I worked with BoostC++ Libraries to implement data_frame (similar to R-data.frame / Python Pandas Library) in C++ using Boost.Variant.
data_frame is a matrix-like structure in which the columns can have data of different data types. I first implemented df_column class which represents a column in the data_frame, using variant of some fixed data_types. Then I implemented the data_frame structure using df_column. It took me almost 2 months to implement these classes. In the last month of the coding period, I wrote tests using the Boost.unit_test module, documentation using Doxygen and extended the functionalities of the data_frame class.
Links:
- Binary Operations (+/-/*)
- Access and Modification Operations
- Generating Statistical Summaries
- Column subsetting on the basis of slice, range or indirect_array of column indices
My GSoC experience was amazing. I got to learn a lot of new things; thanks to my mentor and the Boost Community. It felt great to work on such an interesting project and to implement the functionality from scratch.

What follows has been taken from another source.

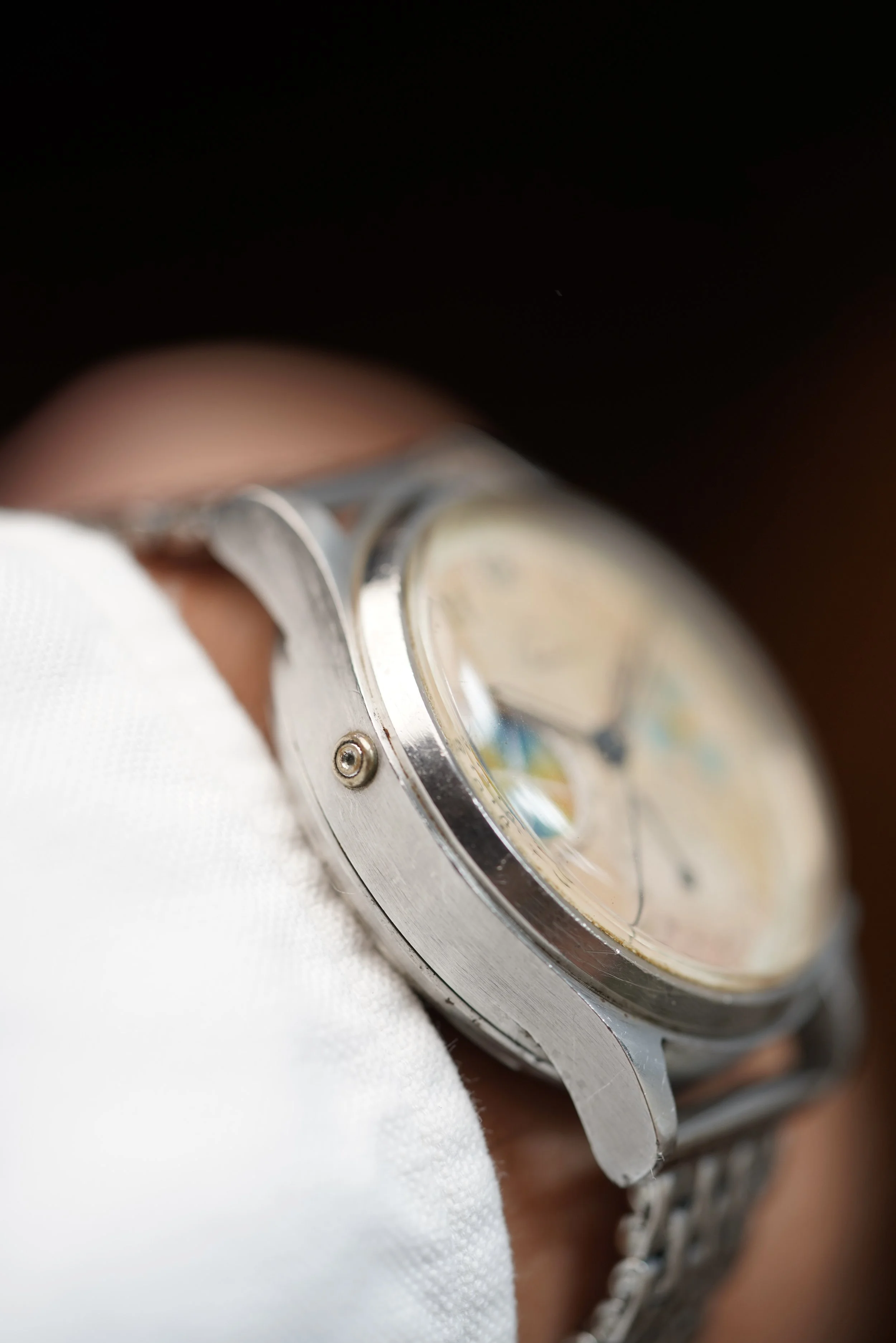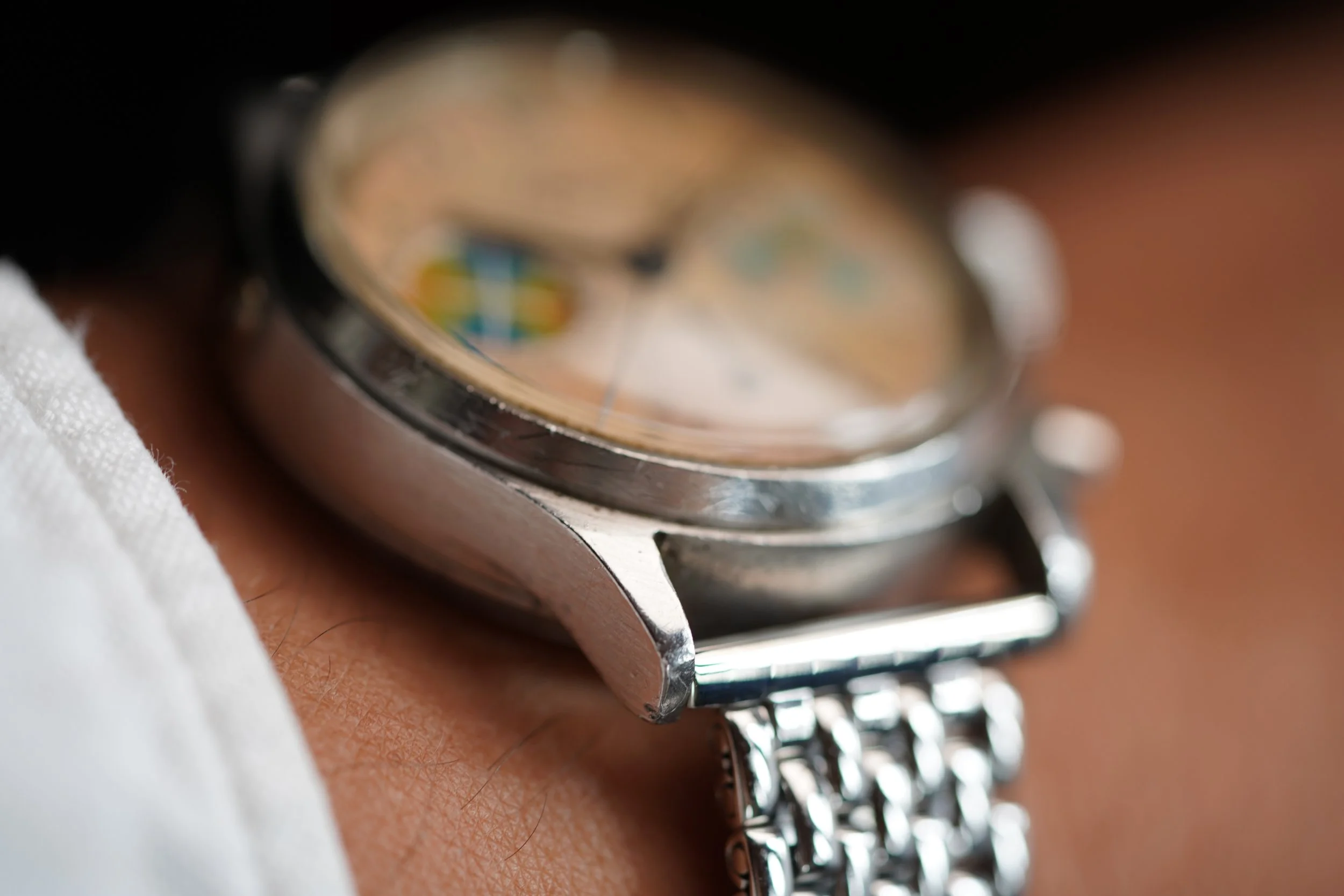 The watch features a Valjoux 71 movement which was modified to incorporate a tide complication. The case is unpolished. It measures in at 37.5mm wide (44mm lug-to-lug). The lug width is 20mm and the height is 14.5mm (including the crystal). The watch is paired on a contemporary beads of rice bracelet.

My mentor, David Bellot gave valuable inputs during the project work, whenever I was stuck at something. My interactions with him were very productive and important for the success and completion of the project. I thank him for all his help.
The biggest challenge of the project was to store data of different data-types together in a data_frame given the static-typed nature of C++. I experimented with Boost.Variant, Variadic Templates and storing data as strings to solve this problem. Finally, I ended up settling on the Boost.Variant version as the most optimal solution.
The github link contains the directory of the source code of the project, along with tests, documentation and proceedure to use the library and run tests.